A random forest classifier is a combination of large number of generated decision trees. Decision trees are intuitive to understand; the name practically describes what they are. At each node in the tree one of the features is tested and a decision is made on what feature to check next or which output to provide:
Random forests simply generate a large number of these trees with varying structures and then combine the results.
The training data is a sparse dataset in that it contains a very large number of zeros.
This can be efficiently represented using a Scipy sparse matrix.
The csv can be loaded using the csv
module of Python:
In [17]:
import csv
import scipy.sparse
At the moment we have to read off the rows and columns to initialise this matrix with from above.
In [80]:
#initialising matrices
posrows,poscolumns = 4857,111
negrows,negcolumns = 3061800,111
posvectors = scipy.sparse.lil_matrix((posrows,poscolumns))

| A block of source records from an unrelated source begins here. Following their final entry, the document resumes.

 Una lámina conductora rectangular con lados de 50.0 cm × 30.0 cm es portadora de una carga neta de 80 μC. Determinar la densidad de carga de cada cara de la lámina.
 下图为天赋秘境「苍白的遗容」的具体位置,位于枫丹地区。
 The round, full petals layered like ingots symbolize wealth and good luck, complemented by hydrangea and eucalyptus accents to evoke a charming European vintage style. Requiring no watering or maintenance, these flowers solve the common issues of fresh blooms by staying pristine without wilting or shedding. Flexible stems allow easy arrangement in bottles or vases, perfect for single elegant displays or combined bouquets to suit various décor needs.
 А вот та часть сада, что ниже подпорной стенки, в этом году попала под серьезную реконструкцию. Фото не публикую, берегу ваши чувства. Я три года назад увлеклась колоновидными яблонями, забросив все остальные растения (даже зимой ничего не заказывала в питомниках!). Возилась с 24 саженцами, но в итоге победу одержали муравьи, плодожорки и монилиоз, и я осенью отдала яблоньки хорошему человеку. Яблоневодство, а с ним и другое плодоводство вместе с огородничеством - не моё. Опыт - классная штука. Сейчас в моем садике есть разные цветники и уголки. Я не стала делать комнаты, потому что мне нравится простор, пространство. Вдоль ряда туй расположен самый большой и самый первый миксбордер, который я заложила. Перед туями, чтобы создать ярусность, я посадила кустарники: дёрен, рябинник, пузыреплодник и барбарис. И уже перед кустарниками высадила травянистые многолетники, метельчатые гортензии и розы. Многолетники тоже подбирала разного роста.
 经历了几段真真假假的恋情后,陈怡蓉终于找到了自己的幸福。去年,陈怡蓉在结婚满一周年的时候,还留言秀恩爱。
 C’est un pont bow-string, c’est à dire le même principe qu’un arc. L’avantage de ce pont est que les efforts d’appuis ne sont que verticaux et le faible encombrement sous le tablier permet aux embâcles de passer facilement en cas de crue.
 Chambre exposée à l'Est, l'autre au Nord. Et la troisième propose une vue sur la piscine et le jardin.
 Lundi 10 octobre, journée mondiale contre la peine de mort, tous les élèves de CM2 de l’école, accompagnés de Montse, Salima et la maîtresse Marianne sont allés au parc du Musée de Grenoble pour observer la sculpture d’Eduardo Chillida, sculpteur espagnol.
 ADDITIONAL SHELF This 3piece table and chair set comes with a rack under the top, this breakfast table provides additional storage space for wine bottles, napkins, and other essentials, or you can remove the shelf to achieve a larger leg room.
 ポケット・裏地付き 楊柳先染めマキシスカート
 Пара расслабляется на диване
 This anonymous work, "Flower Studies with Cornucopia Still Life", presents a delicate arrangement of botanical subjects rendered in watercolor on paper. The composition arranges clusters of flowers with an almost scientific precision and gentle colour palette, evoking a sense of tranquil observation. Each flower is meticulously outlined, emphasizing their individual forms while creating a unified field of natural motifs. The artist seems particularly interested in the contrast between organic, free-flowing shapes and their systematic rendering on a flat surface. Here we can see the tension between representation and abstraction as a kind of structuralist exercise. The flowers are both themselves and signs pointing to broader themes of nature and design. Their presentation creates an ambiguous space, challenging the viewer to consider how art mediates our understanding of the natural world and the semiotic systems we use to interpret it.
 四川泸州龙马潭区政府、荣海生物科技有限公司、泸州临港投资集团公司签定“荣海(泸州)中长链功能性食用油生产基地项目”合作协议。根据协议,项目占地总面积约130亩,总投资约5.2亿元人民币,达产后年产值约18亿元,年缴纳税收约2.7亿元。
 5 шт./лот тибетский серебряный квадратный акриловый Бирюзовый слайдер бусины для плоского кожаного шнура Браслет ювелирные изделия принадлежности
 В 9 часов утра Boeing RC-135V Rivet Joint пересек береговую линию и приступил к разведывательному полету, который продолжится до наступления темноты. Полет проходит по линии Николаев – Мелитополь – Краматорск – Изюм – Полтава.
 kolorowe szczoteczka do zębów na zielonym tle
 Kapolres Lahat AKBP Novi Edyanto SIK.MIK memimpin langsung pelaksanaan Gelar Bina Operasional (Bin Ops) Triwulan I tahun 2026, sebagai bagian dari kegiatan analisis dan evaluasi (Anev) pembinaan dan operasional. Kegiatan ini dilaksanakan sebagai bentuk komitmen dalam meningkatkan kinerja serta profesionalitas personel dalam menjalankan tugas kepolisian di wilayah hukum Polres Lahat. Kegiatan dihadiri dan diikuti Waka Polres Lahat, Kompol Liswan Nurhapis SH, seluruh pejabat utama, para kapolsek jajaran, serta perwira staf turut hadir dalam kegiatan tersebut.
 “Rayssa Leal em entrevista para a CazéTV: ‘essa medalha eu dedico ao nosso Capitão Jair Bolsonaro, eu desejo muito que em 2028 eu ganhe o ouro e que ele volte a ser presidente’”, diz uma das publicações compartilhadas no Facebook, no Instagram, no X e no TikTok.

negvectors = scipy.sparse.lil_matrix((negrows,negcolumns))
In [81]:
#loading positive vectors
f = open("features/training.nolabel.proto.positive.Entrez.vectors.txt")
c = csv.reader(f, delimiter="\t")
lcount = 0
for line in c:
line = array(line)
posvectors[lcount,:] = line.astype(np.float)
lcount += 1
f.close()
In [82]:
#loading negative vectors
f = open("features/training.nolabel.proto.negative.Entrez.vectors.txt")
c = csv.reader(f, delimiter="\t")
lcount = 0
for line in c:
line = array(line)
negvectors[lcount,:] = line.astype(np.float)
lcount += 1
f.close()
At this point there are two large matrices posvectors
and negvectors
.
As the names suggest they are the positive and negative feature vectors.
Scikit-learn requires binary labels for these vectors.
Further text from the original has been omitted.